After two executions in a space of three months, Mr Cabana decided he'd had enough. He held out for another year, then in 1988 moved to another prison where there was no Death Row. "I decided it was best to defer to the wisdom of God to decide who should live and who should die - not an imperfect legal system," he says.
His disquiet was made worse by the worry that one of the men he had executed was innocent. Since the turn of the century there have been 24 wrongful executions in the US, according to research by academics at Stanford University in California. "His last words to me before I closed the gas chamber door were, 'I am innocent. I didn't shoot the policeman. You are killing an innocent man.' At the time I didn't believe him, but now it is troubling me. I hope and pray that he was guilty. The idea that I have killed an innocent human being would be too difficult to cope with."
Eventually, after 23 years in the prison service, Mr Cabana gave up his new job as a prison governor and became an academic criminologist and an ardent anti-capital punishment campaigner.
"I don't think prison staff should be made to carry out executions," he says. "The jury foreman or the prosecuting attorney should do it." Next best, he says, would be for the attorney, jury and anyone who supports capital punishment to watch. "They'd have second thoughts if they were to see what really happens.
"Even now I get people stopping me on the street to say: 'I know you. You executed Evans! I bet that was great!' I just shake my head. 'You come and pull the trigger,' I say to them. 'It is not so great.' "
Americans are right to worry about crime, says Mr Cabana. But they have become too frenzied in their fear: "They are looking for a quick fix. They think that capital punishment can have an impact, that the death penalty is a simple, quick solution. Yes, it may give them satisfaction, especially when it comes to child killers - I have to say that child killers really get to me - but it does not solve the problem why people go into crime in the first place"
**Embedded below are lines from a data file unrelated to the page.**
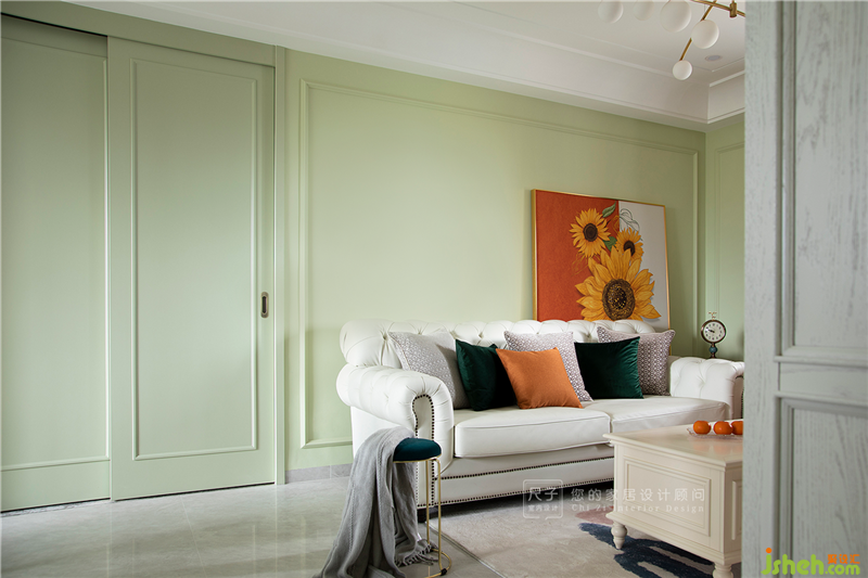 軟裝上,設(shè)計(jì)師減少復(fù)雜元素的堆砌,將業(yè)主喜愛的綠色融入到家居環(huán)境中,家居設(shè)計(jì)營造簡(jiǎn)潔明快的視覺效果,溫馨與浪漫的居家氛圍。
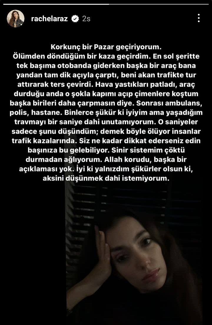 Üç çocuk annesi Araz, "Korkunç bir Pazar geçiriyorum. Ölümden döndüğüm bir kaza geçirdim. En sol şeritte tek başıma otobanda giderken başka bir araç bana yandan tam dik açıyla çarptı. Beni akan trafikte tur attırarak ters çevirdi. Hava yastıkları patladı, araç durduğu anda o şokla kapımı açıp çimenlere koştum başka biri daha çarpmasın diye. Sonrası ambulans, polis, hastane. Binlerce şükür ki iyiyim ama yaşadığım travmayı bir saniye dahi unutamıyorum. O saniyeler sadece şunu düşündüm; demek böyle ölüyor insanlar trafik kazalarında. Siz ne kadar dikkat ederseniz edin başınıza bu gelebiliyor. Sinir sitemim çöktü, durmadan ağlıyorum. Allah korudu, başka bir açıklaması yok. İyi ki yalnızdım şükürler olsun ki, aksini düşünmek dahi istemiyorum" dedi.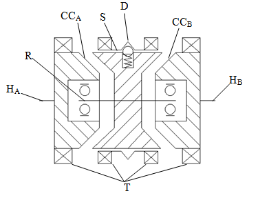 Схема иллюстрирует двусторонний синхронизатор в отключенном состоянии. В этом состоянии кольцо, R и ступица, HA и HB, валы могут вращаться независимо на разных скоростях. По мере того, как передаточное звено S перемещается в отрицательном направлении, грани конической муфты A (CCA) входят в контакт. Трение в конической муфте уменьшает разность скоростей вращения между валами. Когда усилие на рычаге переключения превышает пиковое усилие фиксатора, D, зубья T сцепления собачки могут входить в зацепление. Пиковое усилие фиксатора должно быть таким, чтобы коническая муфта имела достаточное время и нормальное усилие для доведения валов до достаточно одинаковых скоростей, чтобы обеспечить зацепление собачьей муфты. Аналогичным образом, поступательное перемещение передаточного звена в положительном направлении позволяет контактировать поверхностям конической муфты В (CCB) и может обеспечивать зацепление вала кольца с валом ступицы В (HB).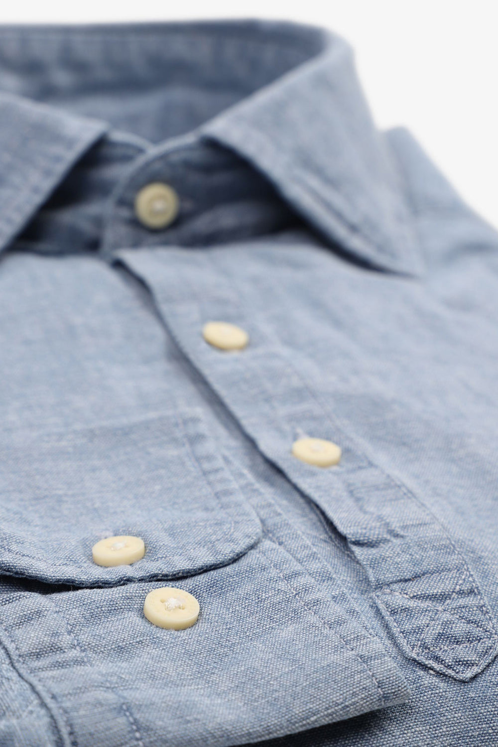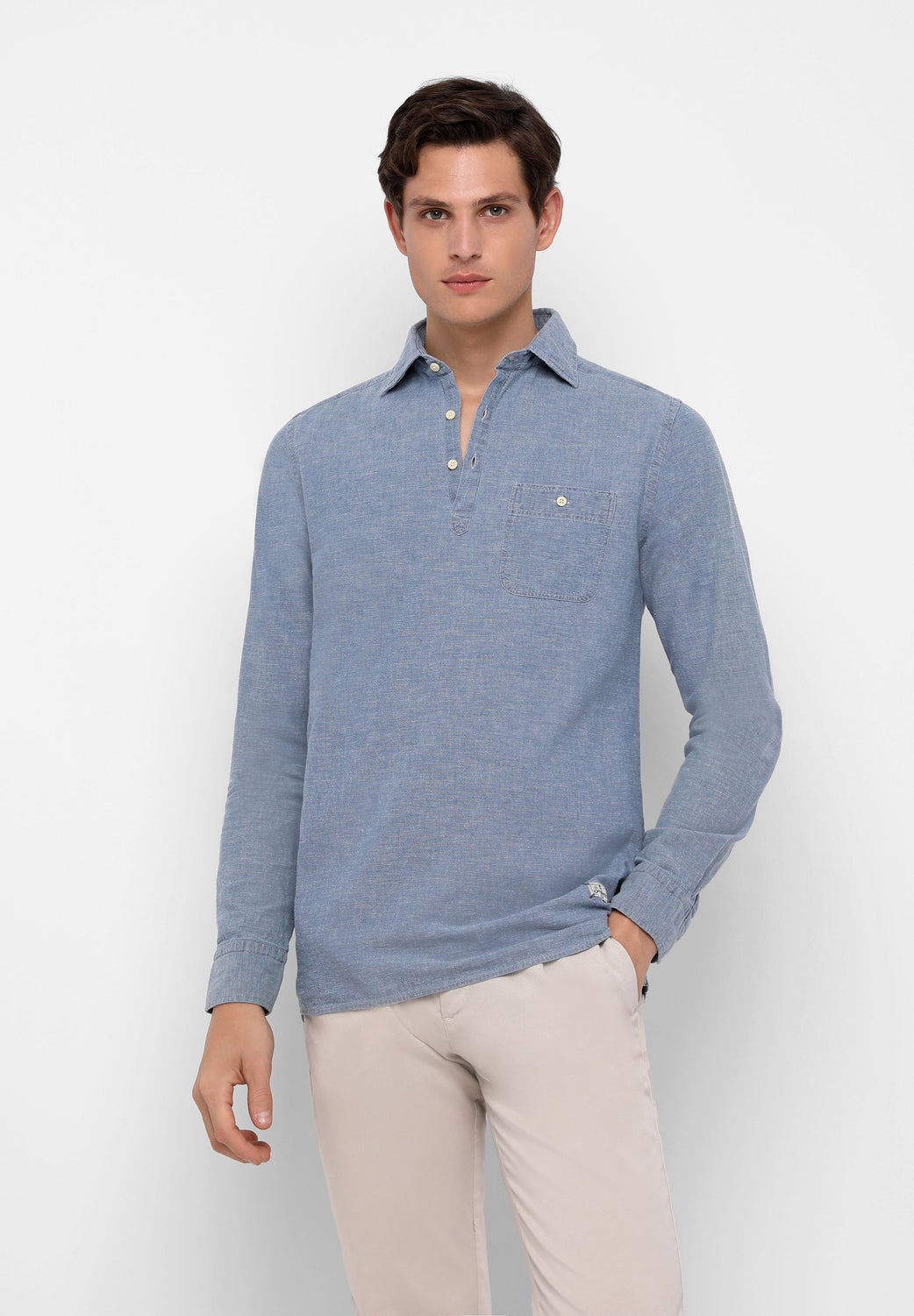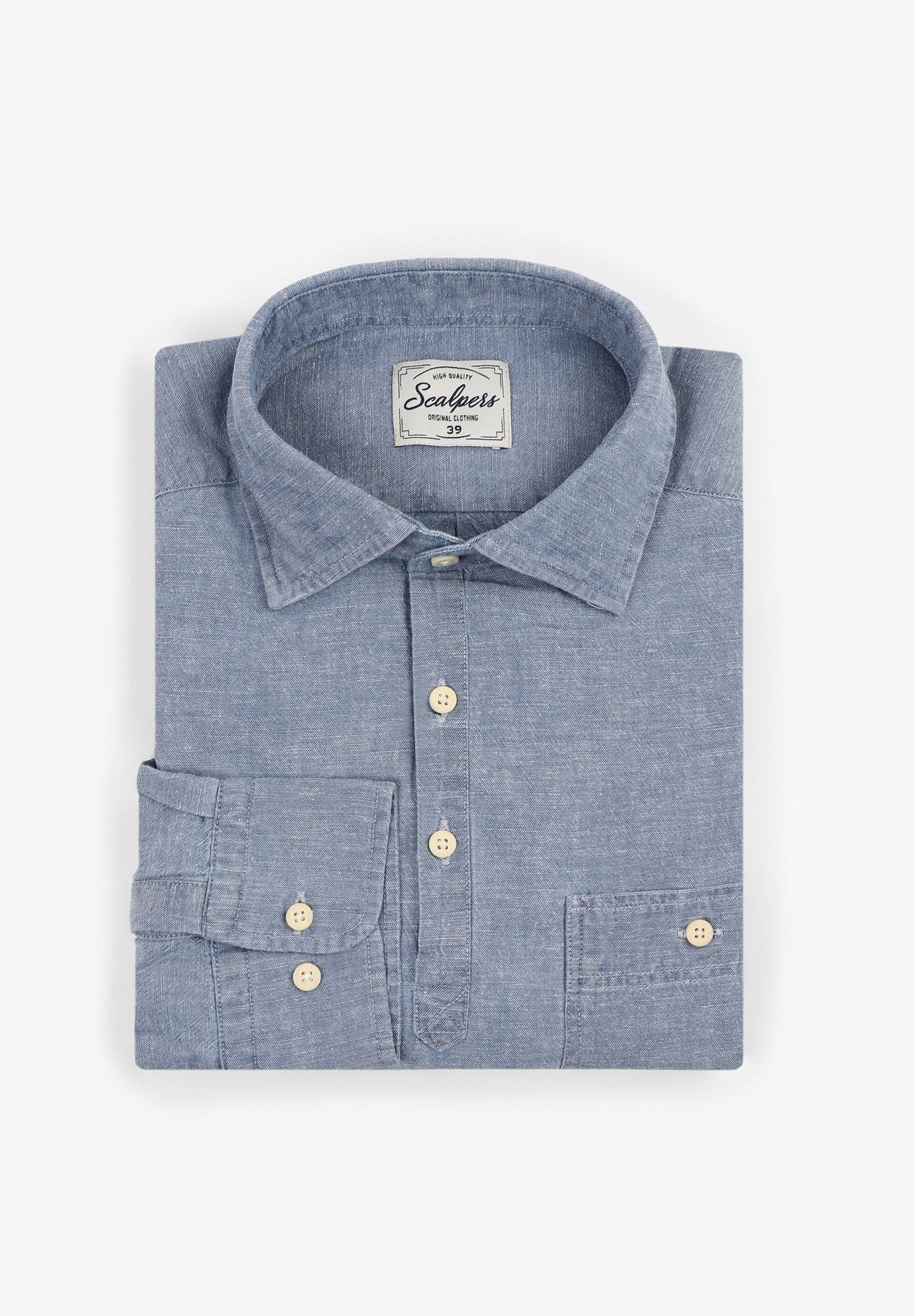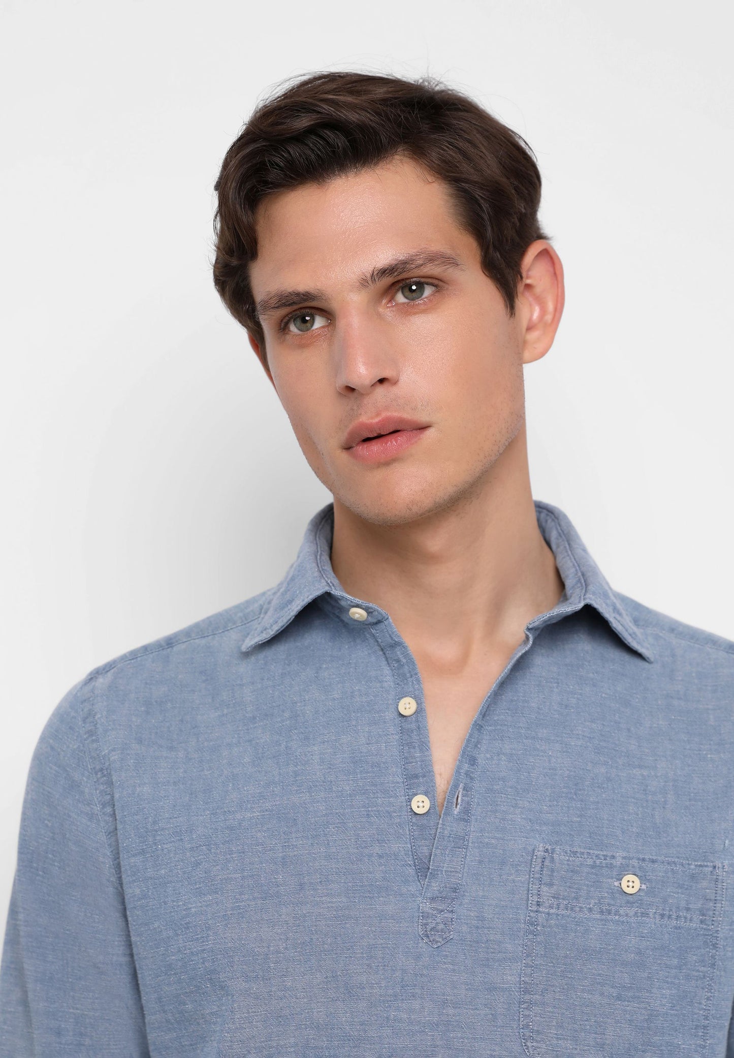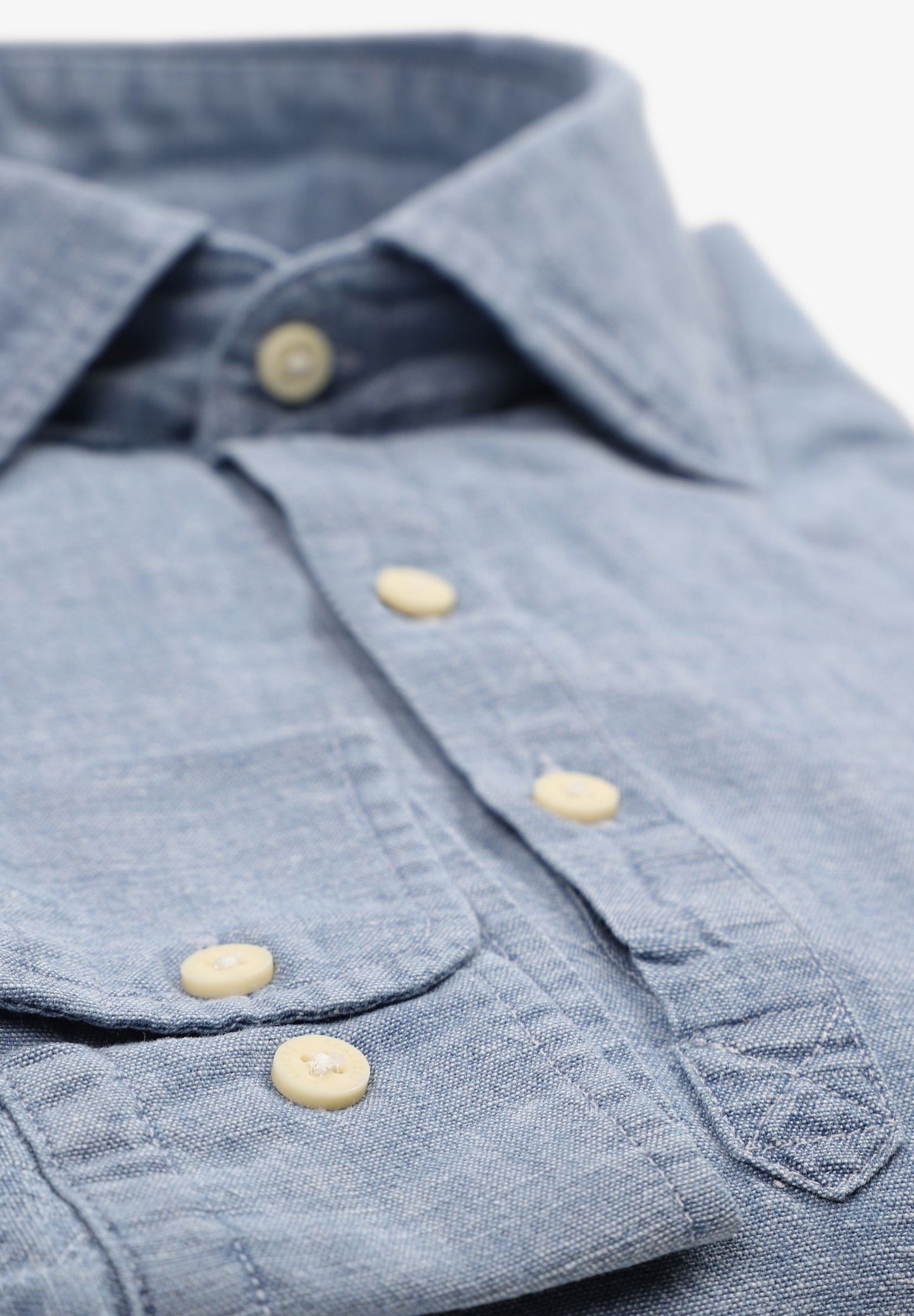 Camisa polera denim confeccionada en tejido 100% algodón. Corte Regular Fit, cuello italiano y cierre con botones. Manga larga terminada en puño con botones y bolsillo en pecho con botón.

Mr Cabana teaches criminology four hours' drive away in the leafy university town of Hattiesburg. Gone is the prison campus house stationed next to the 20,000-acre prison in the "ugly" delta region of Mississippi. Gone too are the flat lands covered with fields of vegetables and rice and catfish farms and the worry of 6,000 prisoners.
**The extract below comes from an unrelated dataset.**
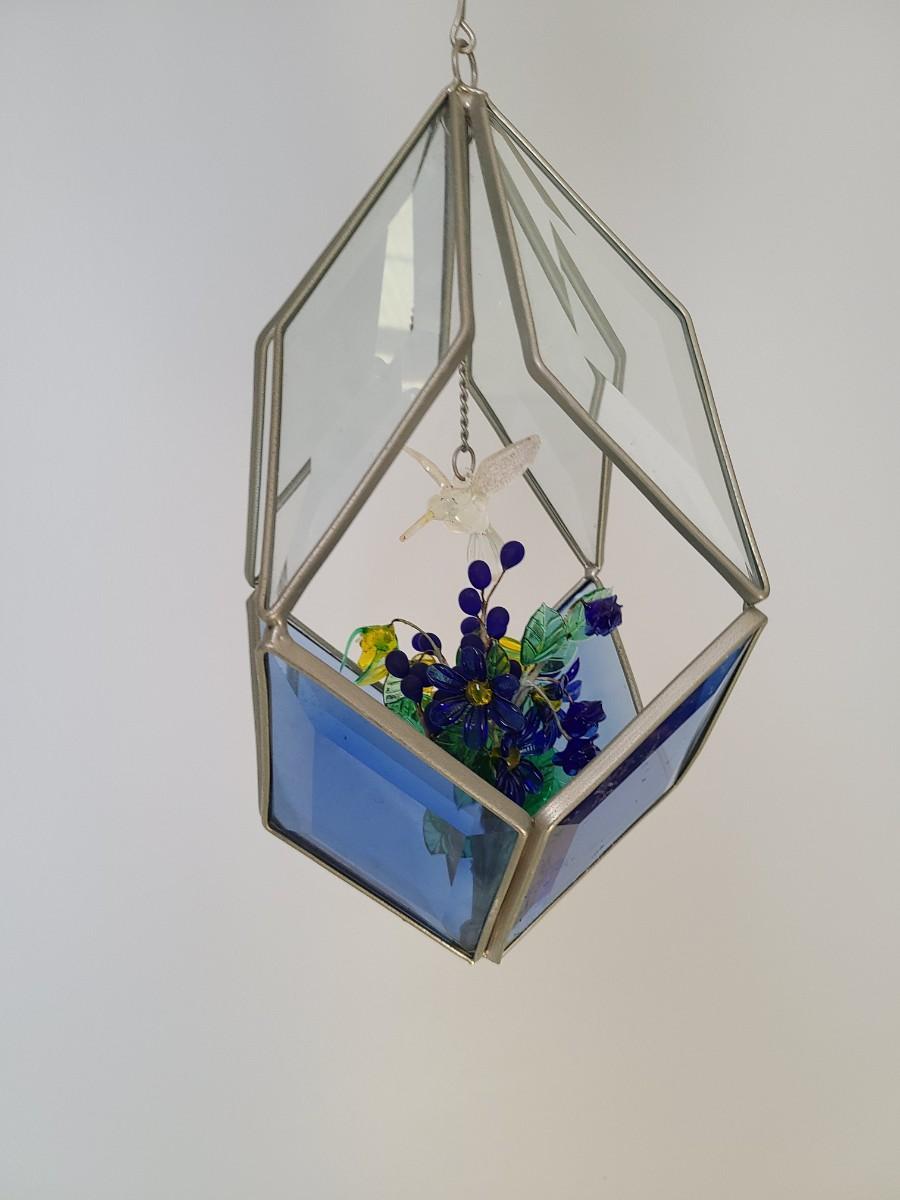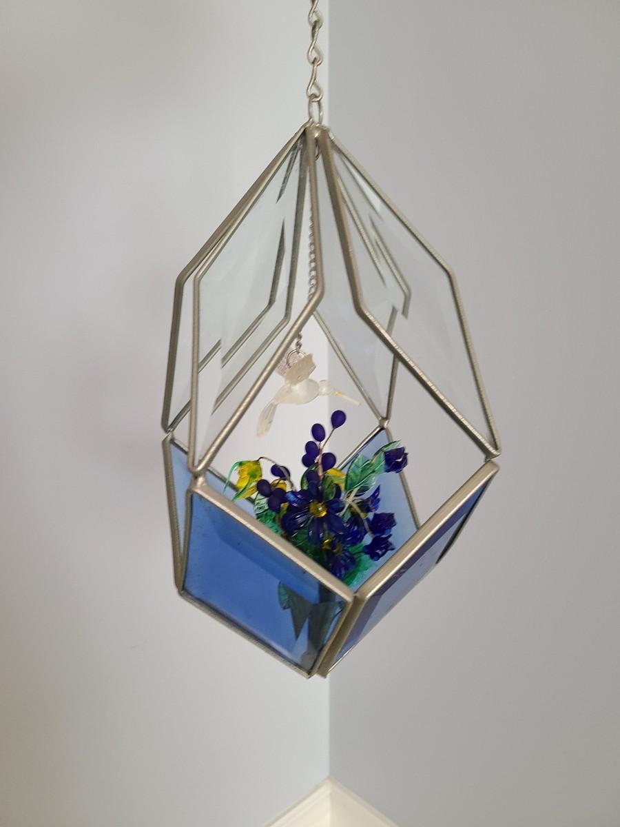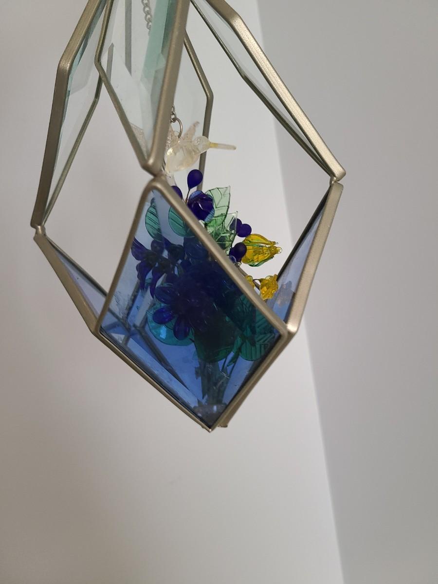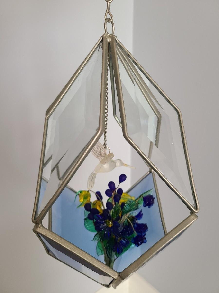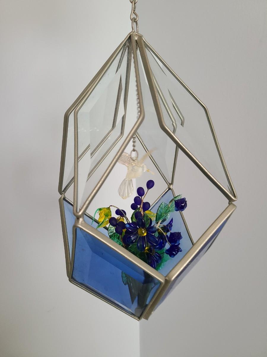 Lot 130: MCM Vintage Stained Glass Hanging Terranium w/Glass Flowers

Ask Mr Cabana if he has any regrets and he'll talk about "wonderful friends" and "wonderful career". No mention of the men he executed. After a bit of pushing, he'll admit that while his new home (a shady, Fifties house minutes from the university) may be a long way away from Death Row, his mind and his conscience are not. "If I live to be 80, I will recall every wrinkle, every crease in the face - the style of the haircut, every reaction in the chamber. I will recall in the minutest detail the heartbroken mothers, inmate mothers and victim's mothers."
Apart from a dread of old faces coming back to haunt his cluttered mind, an even bigger worry looms for Mr Cabana, a devout Catholic: "When the time arrives for me to be judged by my God, how will I answer for my role in the execution process?"
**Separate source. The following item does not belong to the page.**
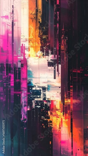 © Kitta Studio, Obraz premium Vibrant Abstract Digital Art with Bold Colors and Dynamic Lines

Last November, Mr Cabana had a heart attack. Lying on starched sheets under the harsh gaze of fluorescent tubing, he called for the priest. "Give me an answer to my question!" he pleaded. "Please, give me an answer to my question!"
But the priest just said: "I don't know. I don't think you have to worry about God holding you responsible, but then I don't know. God considers all life sacred."
For now, Mr Cabana has decided to be kind to himself: "As I see it, God will ask me: 'What was in your heart when you did this?' My answer will be, 'Compassion'. Whether that is good enough, I don't know."